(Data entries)
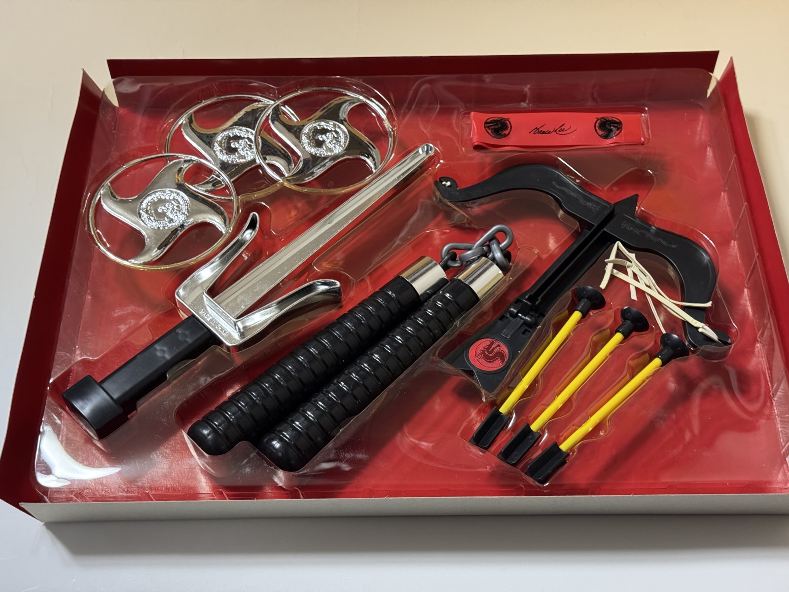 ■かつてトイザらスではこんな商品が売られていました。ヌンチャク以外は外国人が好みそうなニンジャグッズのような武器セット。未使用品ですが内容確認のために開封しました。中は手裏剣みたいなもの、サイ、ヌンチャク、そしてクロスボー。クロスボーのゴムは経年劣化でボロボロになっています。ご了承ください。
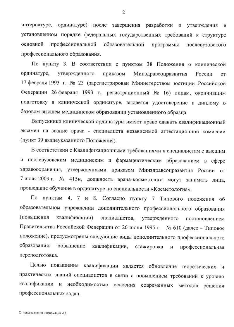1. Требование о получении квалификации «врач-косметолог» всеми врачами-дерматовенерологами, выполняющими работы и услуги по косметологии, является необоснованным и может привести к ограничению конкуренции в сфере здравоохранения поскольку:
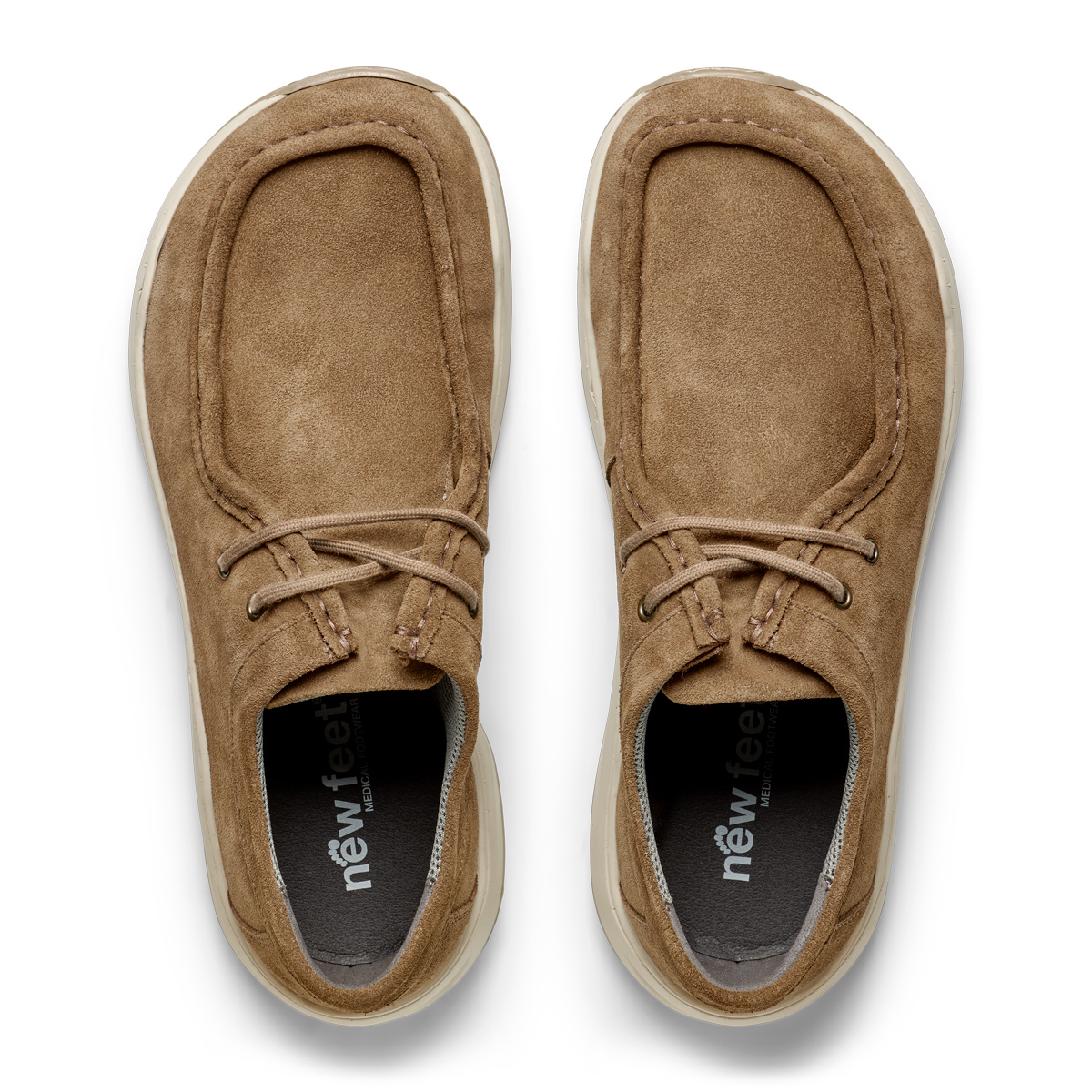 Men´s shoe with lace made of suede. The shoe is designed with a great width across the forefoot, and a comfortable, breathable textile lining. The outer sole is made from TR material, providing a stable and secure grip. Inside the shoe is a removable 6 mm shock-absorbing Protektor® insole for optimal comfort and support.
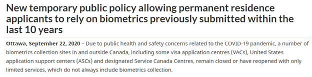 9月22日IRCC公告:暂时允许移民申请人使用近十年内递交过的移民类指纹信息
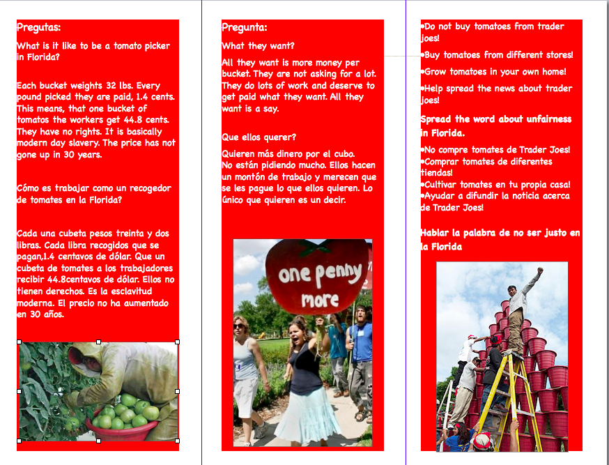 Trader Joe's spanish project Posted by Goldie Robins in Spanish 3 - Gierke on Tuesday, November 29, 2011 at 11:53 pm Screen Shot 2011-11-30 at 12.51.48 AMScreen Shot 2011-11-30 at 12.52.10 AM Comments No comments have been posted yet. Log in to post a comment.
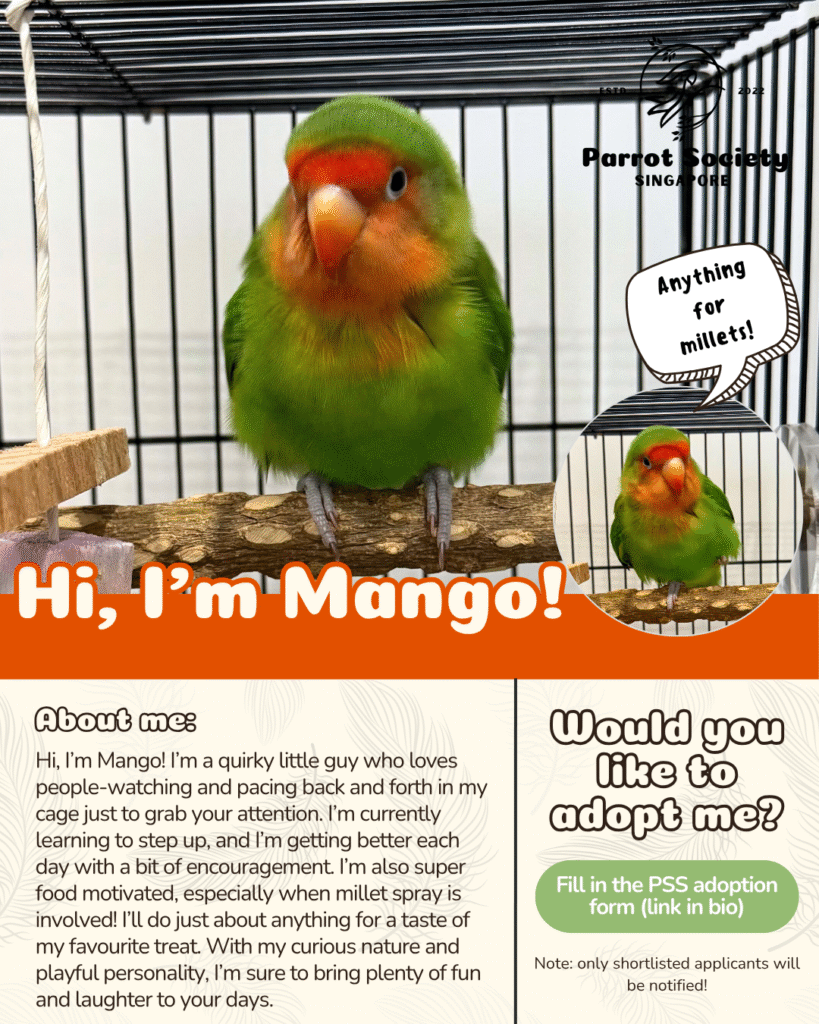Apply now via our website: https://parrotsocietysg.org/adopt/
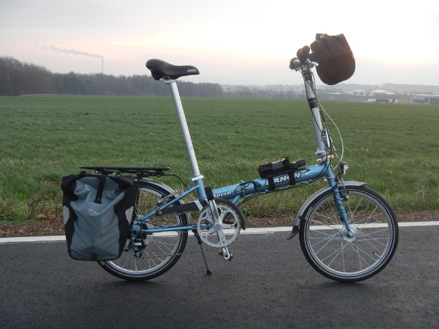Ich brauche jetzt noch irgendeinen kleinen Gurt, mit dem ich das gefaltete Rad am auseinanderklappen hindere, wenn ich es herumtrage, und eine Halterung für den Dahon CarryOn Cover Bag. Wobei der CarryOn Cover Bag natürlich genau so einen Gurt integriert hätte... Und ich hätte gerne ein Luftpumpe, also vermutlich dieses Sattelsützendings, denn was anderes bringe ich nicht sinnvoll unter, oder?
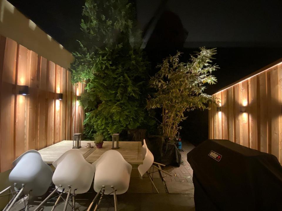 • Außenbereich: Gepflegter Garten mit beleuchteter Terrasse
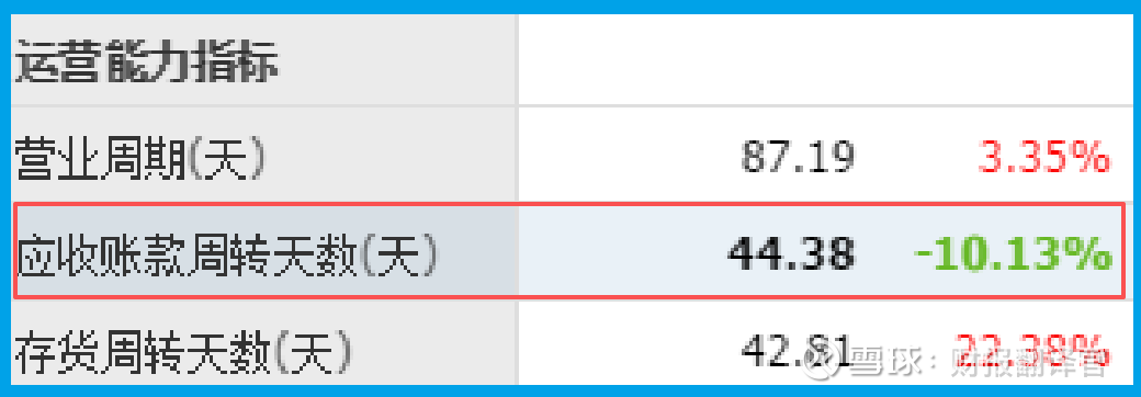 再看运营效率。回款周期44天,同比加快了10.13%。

Instructions to follow.
Your answer should be the lines from the opening of the records through the line with "Apply now via", both ends retyped exactly and pictures left out.

Exercise answer.
 ■かつてトイザらスではこんな商品が売られていました。ヌンチャク以外は外国人が好みそうなニンジャグッズのような武器セット。未使用品ですが内容確認のために開封しました。中は手裏剣みたいなもの、サイ、ヌンチャク、そしてクロスボー。クロスボーのゴムは経年劣化でボロボロになっています。ご了承ください。
1. Требование о получении квалификации «врач-косметолог» всеми врачами-дерматовенерологами, выполняющими работы и услуги по косметологии, является необоснованным и может привести к ограничению конкуренции в сфере здравоохранения поскольку:
 Men´s shoe with lace made of suede. The shoe is designed with a great width across the forefoot, and a comfortable, breathable textile lining. The outer sole is made from TR material, providing a stable and secure grip. Inside the shoe is a removable 6 mm shock-absorbing Protektor® insole for optimal comfort and support.
 9月22日IRCC公告:暂时允许移民申请人使用近十年内递交过的移民类指纹信息
 Trader Joe's spanish project Posted by Goldie Robins in Spanish 3 - Gierke on Tuesday, November 29, 2011 at 11:53 pm Screen Shot 2011-11-30 at 12.51.48 AMScreen Shot 2011-11-30 at 12.52.10 AM Comments No comments have been posted yet. Log in to post a comment.
Apply now via our website: https://parrotsocietysg.org/adopt/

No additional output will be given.